Final Visualization
Sketch iteration documentation (paper/hand-drawn photos)
Design process: I started with four sketches before writing any code. Sketch 1 focused on the African continent alone, with red arrows of varying thickness flowing from neighboring countries into South Africa.
The note in the corner "the size of the arrows are based on the amount of immigrant" set the core encoding principle early: line thickness as a proxy for migrant stock. Sketch 2 I tried a globe/sphere perspective, which looked
dramatic but made it hard to read individual country contributions because of foreshortening. Sketch 3 I went flat, a full Mercator-style world map with origin dots in Europe, Asia, and Africa, each sending curved arrows to
South Africa. This solved the readability problem but wasted space on the Americas and Oceania, which contribute almost nothing to SA immigration. Sketch 4 refined sketch 3: it dropped the western hemisphere, added a title
block, a color-coded legend (Africa/Europe/Asia), and a timeline slider along the bottom (1990–2024). This became the blueprint for the final P5.js implementation.
Why this dataset and title: I chose the UN DESA International Migrant Stock 2024 bilateral dataset because it provides exact origin-to-destination counts, not just net migration totals, for every country pair
across eight time points. The topic is personal and timely: South Africa has been in the news recently for a surge in xenophobic violence, with native South Africans directing anger at immigrants they blame for taking jobs
and straining public services. I wanted to see the actual data behind the headlines. Where these immigrants are coming from, how many there really are, and how those numbers have changed over three decades. The title "Where
Are South Africa's Immigrants Coming From?" frames the visualization as a question the viewer answers through exploration: scrubbing the timeline reveals how Zimbabwe's share exploded from ~89K in 1990 to over 1 million by
2024, while the UK's colonial-era presence steadily shrank.
Author-driven vs. user-driven: This is a hybrid, primarily author-driven with a user-driven layer. The author-driven elements are the curated set of 20 countries (the top origins across all years), the map
crop, the color encoding by continent, and the narrative framing through the title. The user-driven element is the interactive time slider, which lets the viewer control which year's data they see and discover the story at
their own pace. The hover tooltips add a detail-on-demand layer. The visualization genre is a narrative flow map, it combines geographic mapping with proportional flow lines and temporal navigation.

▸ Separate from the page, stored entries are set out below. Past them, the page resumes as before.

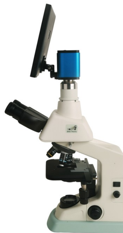
Side View of Nikon Microscope+XCAMSeries Camera and TPHD1080PA
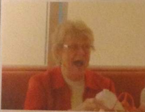
Sometimes being last ain't all bad
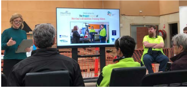
Pictured above: Animation Launch at Merriwa, Wangaratta
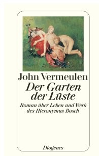
Garden of Earthly Delight 592 pages 2002
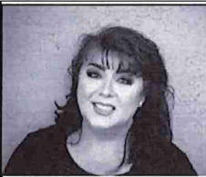
Realty World Golden Hills

Buy or Sell your home with me & Five Wounds Church will get 25% of my commission on your behalf.
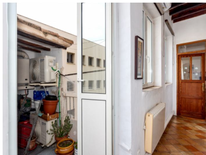
Possible covered terrace
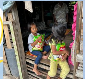
Advent outreach in support of Orang Asli

” Two sisters abandoned with their grandparents after their drug addict father became abusive and their mother left the home
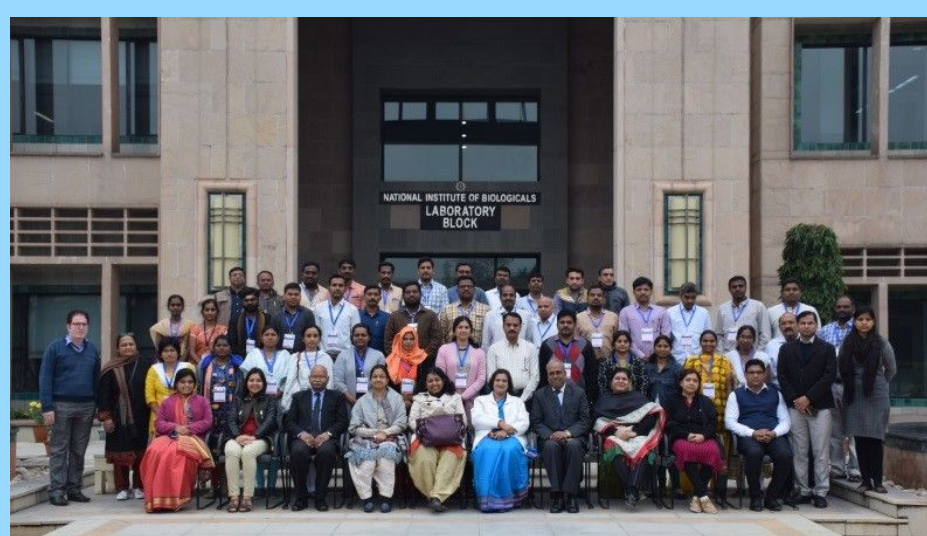
Telangana (16th-21st December, 2019)
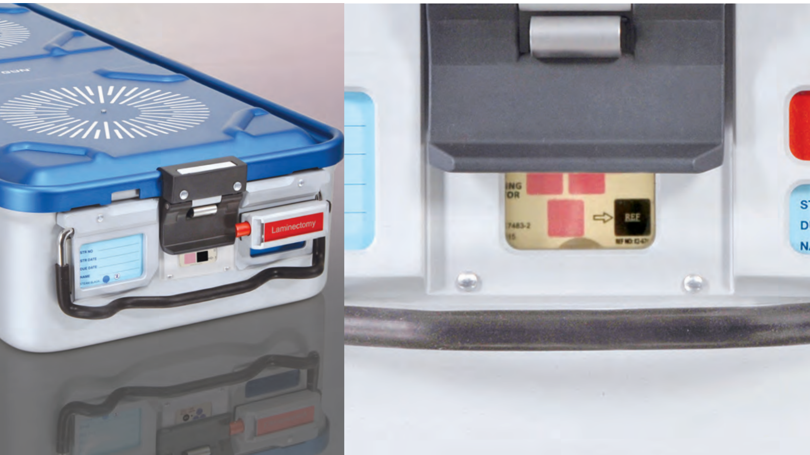
Window For Emulating Indicator
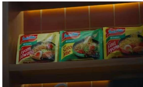
Figure 1. Indomie on a wooden shelf

The research topic to be researched is a 30-second Indomie advertisement entitled “ Bareng Indomie Kuah, Kuahlity Time Gak Tergantikan ” uploaded on You Tube on June 13, 2024. There were 16 (sixteen) scenes on the YouTube advertisement. This advertisement tells about a friendship of three people (a woman and two men) who hold a meeting at a restaurant. The next scene, there are two people who cannot attend because they still have their own busy lives such as doing assignments and working. The next scene an idea arises from one of the people to meet at Dinda's house, the scene at Dinda's house they enjoy Indomie Kuah noodle dishes and spend time together. This advertisement shows togetherness and supporting each other when life is hard. It shows togetherness with the closest people by eating Indomie Kuah together which makes the moment even more irreplaceable. After conducting the process of finding the data, the scenes were analysed using semiotic theory by Roland Barthes for denotative, connotative, and myths meaning.
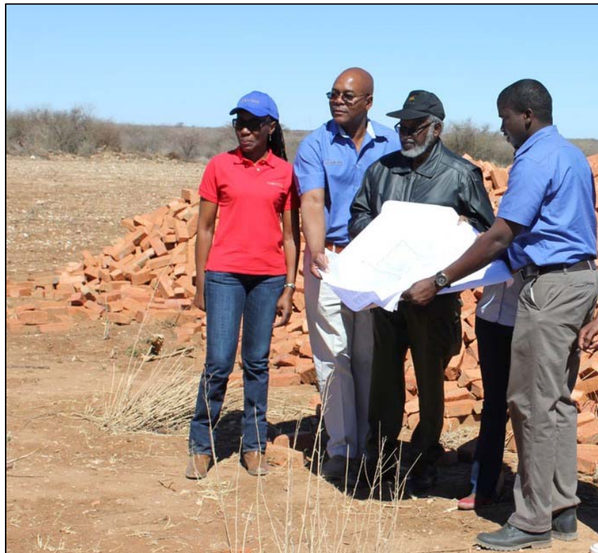
His Excellency, Dr Sam Nujoma with co-workers at the Etunda site where the construction will begin soon.
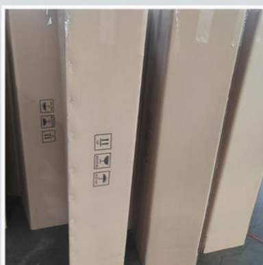
③ Carton Package
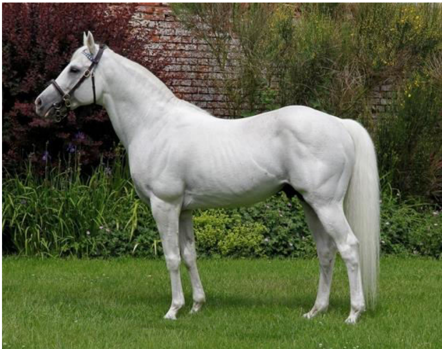
AF Al Buraq, 2003, (Amer x Al Hanouf)

He is the sire of group 1 winner AF Almathmoon (Dubai Kahayla Classic, Gr.1 PA), Alsaker (French Derby winner, Gr.1 PA) and Bint Jakkarta (Al Rayyan Cup, Gr.1 PA)
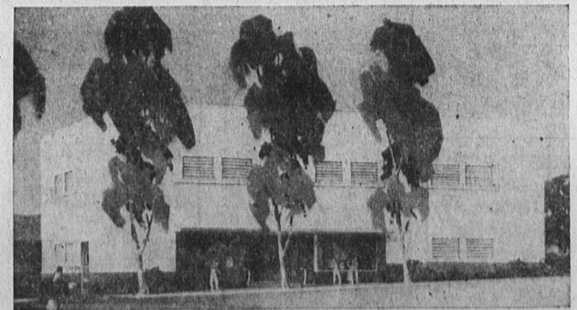
TWO-STORY DIAL HOUSE . . . Nerve center of Torrance exchange dial telephone system will be housed in a new $650,000 project for which ground will be broken within 11 days.

The pair, free on $500 bail each, are due for a preliminary hearing at 2 p.m. this afternoon before City Judge Otto B. Wil-
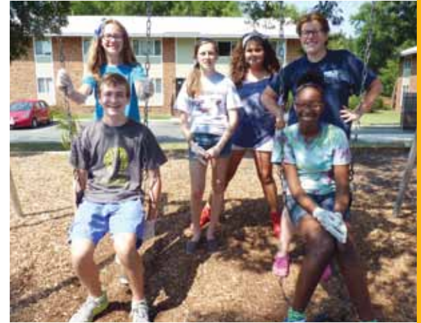
HandsOn Greater Richmond's Teen Impact volunteers at North Oak
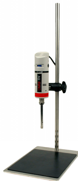
Omni TH shown with optional motor stand assembly and stainless steel probe.

The Omni Tissue Homogenizer operates with Omni Tip™ disposable/reusable plastic probes or stainless steel generator probes.
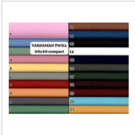
40x40 Compact Vardaman Twill Fabric
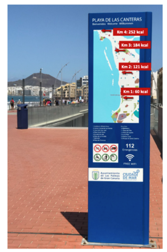
Figure 3. Representation of a Walker's Point of Interest with the information of the energy expenditure accumulated after the 1st, 2nd, 3rd and 4th km.
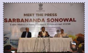
Union Minister of Ports Sarbananda Sonowal announced major initiatives planned for Assam by the Ministry of Ports this year

Union Minister of Ports Sarbananda Sonowal announced major initiatives planned for Assam by the Ministry of Ports this year for the development of inland waterways in Guwahati
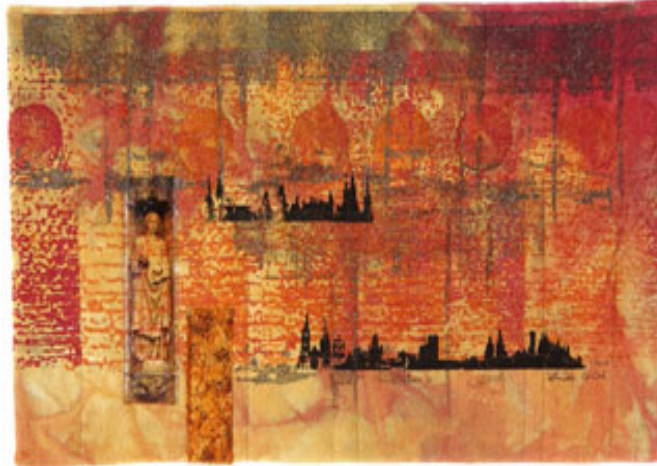
(Fig-2.4) Artifice -2004 [3]
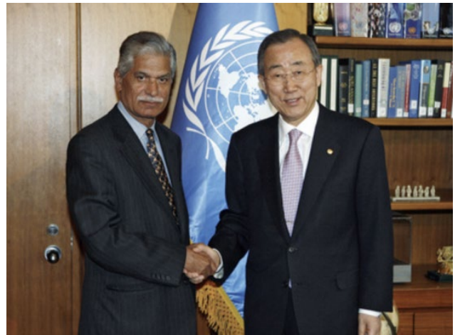
With former Secretary-General Ban Ki-moon

Walking through the visualization: If I were presenting this in a talk, I would start at 1990 and point out that the UK was the second-largest source of immigrants; a legacy of colonial ties. While Mozambique
led due to the aftermath of its civil war. Then I would scrub forward to 2005–2010 and highlight the dramatic surge from Zimbabwe, which coincides with the Zimbabwean economic crisis and hyperinflation. By 2024, Zimbabwe alone
accounts for over 40% of all immigrants in South Africa. I would also point to the emergence of East African and South Asian flows (Ethiopia, Bangladesh, Somalia) starting around 2005, and the steady decline of European-origin
populations. The inset map lets me zoom in and show how the southern African cluster (Zimbabwe, Mozambique, Lesotho, Malawi, Eswatini) dominates the picture, with arrows so thick they visually crowd the region, which is exactly
why the inset exists.
User feedback Interview 1: The first person I showed this to immediately noticed the thick red arrow from Zimbabwe and said "that one country is doing all the heavy lifting." They scrubbed the slider back to
1990 and were surprised to see the UK as a major source. They pointed out that the proportional thickness made it easy to compare countries at a glance without reading numbers. Their main critique was that the southern African
countries were hard to distinguish on the main map because they are so close together; which initiated the decision to add the inset map.
Self-reflection / future work: Looking back, I think the visualization effectively communicates the core narrative that South Africa's immigrant population is overwhelmingly African, increasingly dominated
by Zimbabwe, and that European-origin populations are in long-term decline. The proportional flow lines and time slider make this story explorable without requiring the viewer to read tables. With more time, I would add a stacked
area chart alongside the map to show the composition over time in a second encoding. I would also improve the continent outlines to use actual GeoJSON data instead of hand-traced polygons. The inset map could also benefit from
a magnifying-glass visual cue connecting it to the main map's southern Africa region.